Mushroom

From Audobon Society Field Guide; mushrooms described in terms of physical characteristics; classification: poisonous or edible.

Samples total

8124

Dimensionality

4 (reduced from 22)

Features

categorical

Targets

str: {“edible”, “poisonous”}

Task(s)

classification

Description

This data set includes descriptions of hypothetical samples corresponding to 23 species of gilled mushrooms in the Agaricus and Lepiota Family (pp. 500-525). Each species is identified as definitely edible, definitely poisonous, or of unknown edibility and not recommended. This latter class was combined with the poisonous one. The Guide clearly states that there is no simple rule for determining the edibility of a mushroom; no rule like “leaflets three, let it be” for Poisonous Oak and Ivy.

Citation

Downloaded from the UCI Machine Learning Repository on February 28, 2017.

Schlimmer, Jeffrey Curtis. “Concept acquisition through representational adjustment.” (1987).

Langley, Pat. “Trading off simplicity and coverage in incremental concept learning.” Machine Learning Proceedings 1988 (2014): 73.
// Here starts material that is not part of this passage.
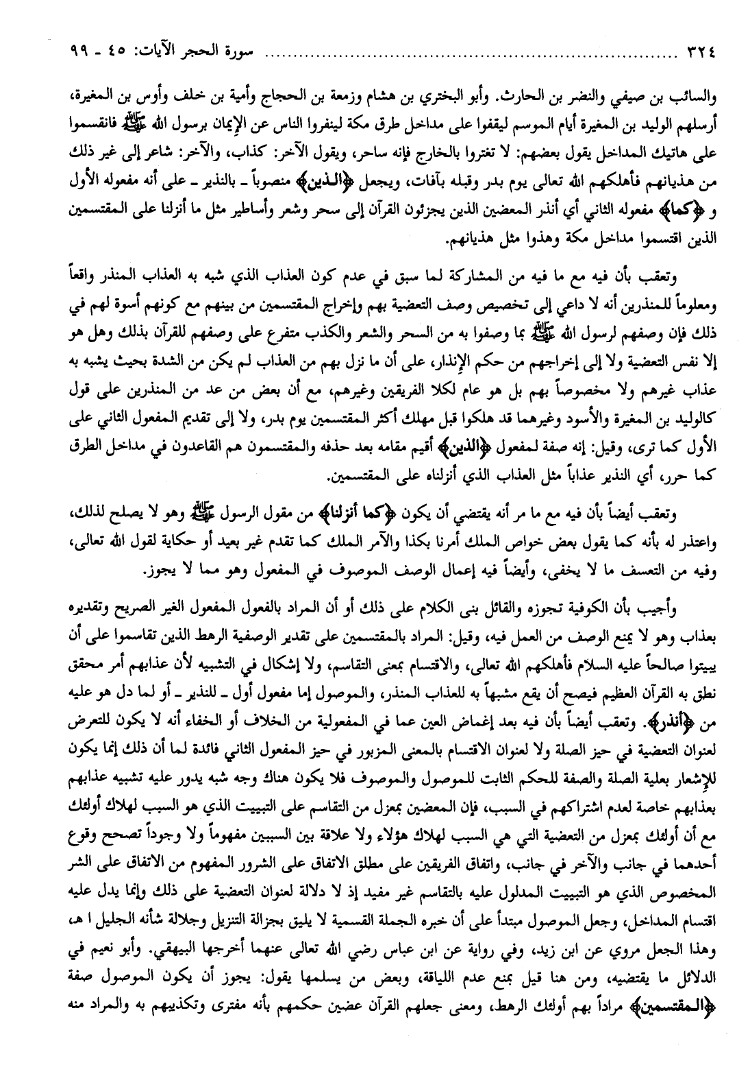 وأجيب بأن الكوفية تجوزه والقائل بنى الكلام على ذلك أو أن المراد بالمفعول المفعول الغير الصريح وتقديره بعذاب وهو لا يمنع الوصف من العمل فيه، وقيل: المراد بالمقتسمين على تقدير الوصفية الرهط الذين تقاسموا على أن يبيتوا صالحا عليه السلام فأهلكهم الله تعالى، والاقتسام بمعنى التقاسم، ولا إشكال في التشبيه لأن عذابهم أمر محقق نطق به القرآن العظيم فيصح أن يقع مشبها به للعذاب المنذر، والموصول إما مفعول أول- للنذير- أو لما دل هو عليه من أنذر. وتعقب أيضا بأن فيه بعد إغماض العين عما في المفعولية من الخلاف أو الخفاء أنه لا يكون للتعرض لعنوان التعضية في حيز الصلة ولا لعنوان الاقتسام بالمعنى المزبور في حيز المفعول الثاني فائدة لما أن ذلك إنما يكون للإشعار بعلية الصلة والصفة للحكم الثابت للموصول والموصوف فلا يكون هناك وجه شبه يدور عليه تشبيه عذابهم بعذابهم خاصة لعدم اشتراكهم في السبب، فإن المعضين بمعزل من التقاسم على التبييت الذي هو السبب لهلاك أولئك مع أن أولئك بمعزل من التعضية التي هي السبب لهلاك هؤلاء ولا علاقة بين السببين مفهوما ولا وجودا تصحح وقوع أحدهما في جانب والآخر في جانب، واتفاق الفريقين على مطلق الاتفاق على الشرور المفهوم من الاتفاق على الشر المخصوص الذي هو التبييت المدلول عليه بالتقاسم غير مفيد إذ لا دلالة لعنوان التعضية على ذلك وإنما يدل عليه اقتسام المداخل، وجعل الموصول مبتدأ على أن خبره الجملة القسمية لا يليق بجزالة التنزيل وجلالة شأنه الجليل اه، وهذا الجعل مروي عن ابن زيد، وفي رواية عن ابن عباس رضي الله تعالى عنهما أخرجها البيهقي. وأبو نعيم في الدلائل ما يقتضيه، ومن هنا قيل بمنع عدم اللياقة، وبعض من يسلمها يقول: يجوز أن يكون الموصول صفة الْمُقْتَسِمِينَ مرادا بهم أولئك الرهط، ومعنى جعلهم القرآن عضين حكمهم بأنه مفترى وتكذيبهم به والمراد منه

Duch, Włodzisław, Rafał Adamczak, and Krzysztof Grabczewski. “Extraction of logical rules from training data using backpropagation networks.” The 1st Online Workshop on Soft Computing. 1996.

Duch, Wlodzislaw, Rafal Adamczak, and Krzysztof Grabczewski. “Extraction of crisp logical rules using constrained backpropagation networks.” (1997).

Loader

yellowbrick.datasets.loaders.load_mushroom(data_home=None, return_dataset=False)[source]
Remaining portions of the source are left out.